7.3 Pour l'essentiel, le Tribunal administratif a considéré que le système de quotas litigieux reposait sur une base légale suffisante, car il était prévu dans une loi et une ordonnance fédérales (la loi sur l'aide aux universités et l'ordonnance réglant la 3e phase du programme). Il a également laissé entendre que des mesures positives pouvaient de toute façon être prises sur la base de l'art. 3 al. 3 LEg.
Le recourant reproche au Tribunal administratif d'avoir méconnu la portée de l'art. 3 al. 3 LEg, en ce sens que le législateur a exclu la possibilité de fonder des mesures positives sur cette disposition.

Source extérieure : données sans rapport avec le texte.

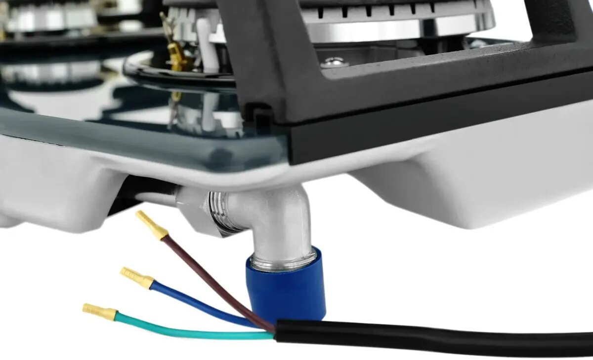 Передняя левая: Стандартная, 1,75 кВт Передняя правая: Стандартная, 1 кВт Задняя левая: Стандартная, 1,75 кВт Задняя правая: Вок-конфорка, 3,8 кВт
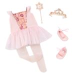 - Enchanting Style: Lalia arrives with a charming ballet dress decorated in sequin details, a golden tiara, a snowflake-themed wand, a pair of tights, and ballet shoes.
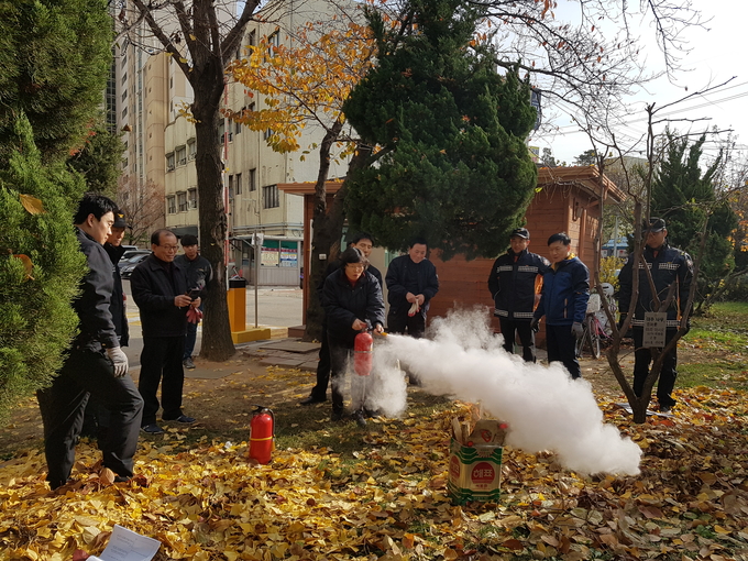 이날 훈련은 화재발생시 초기대응의 중요성과 건물 내에서 화재발생시 대피훈련 소화기 및 옥내소화전 사용법, 소화전 및 비상화장치함을 점유해 화재진압 훈련, 재난 발생시 건물 내 인명대피 및 인명구조 훈련을 실시했다.
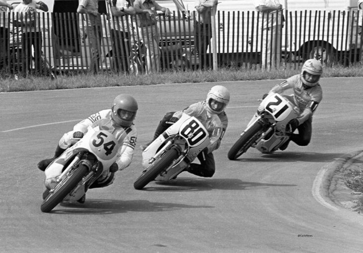 In this week’s Throwback we dial back the clock to September of 1973 and arrive at Charlotte Motor Speedway, which was hosting an AMA Road Race National. This photo shows the Expert/Junior Combined (250GP) race. That’s Junior class rider Peter Chancy (54) from Canada about to get passed by Experts Kenny Roberts (80) and Gary Fisher (21). Roberts went on to win the race over Yvon DuHamel and Fisher, while Chancey scored the victory in the Junior class.
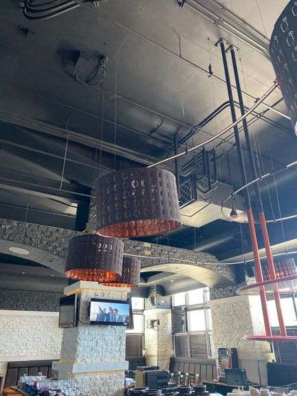 LOT 236 - 7PC ROUND HANGING LIGHTS OVER BAR
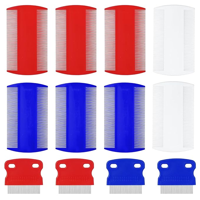 12 Pcs Pet Flea Comb Cat Metal Dog Comb Massage Dog Flea Comb Lice Combs Tick Comb for Dogs Flea Brush for Cat Fluffy hair Dog Grooming Tools
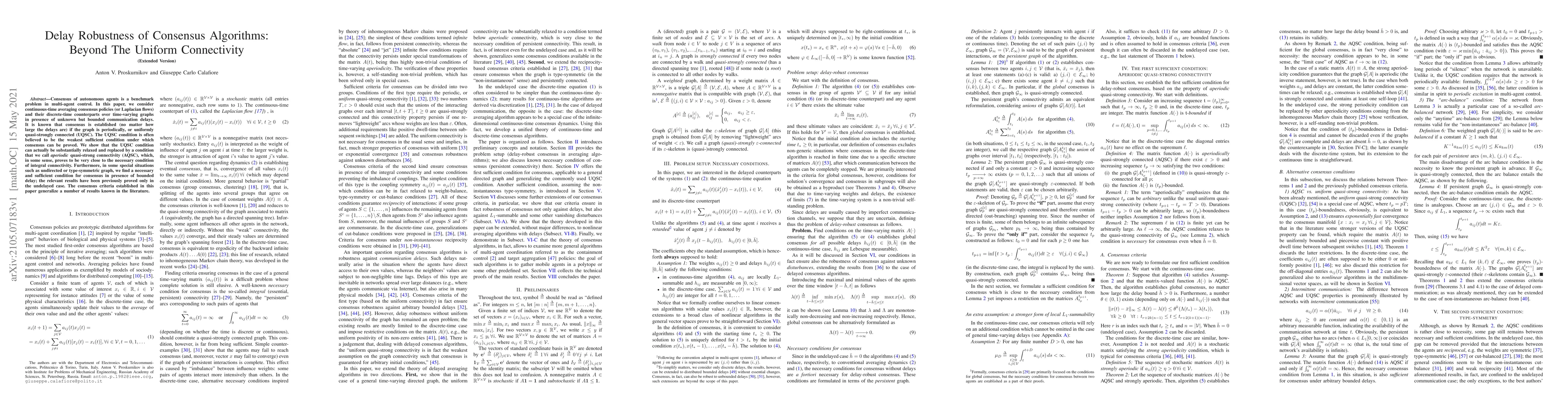 Researchers found that consensus algorithms can function even when the graph is only aperiodically quasi-strongly connected, rather than uniformly quasi-strongly connected, in the presence of bounded communication delays.

Pour sa part, le Bureau de l'égalité soutient qu'en adoptant la loi sur l'aide aux universités, l'Assemblée fédérale a donné son aval au système de quotas litigieux, car le message relatif à cette loi y fait référence de manière explicite. Au demeurant, cet office estime qu'il ne faut pas poser "des exigences démesurées" concernant la base légale pour de telles mesures, limitées dans le temps, qui sont destinées à réaliser l'égalité matérielle entre femmes et hommes.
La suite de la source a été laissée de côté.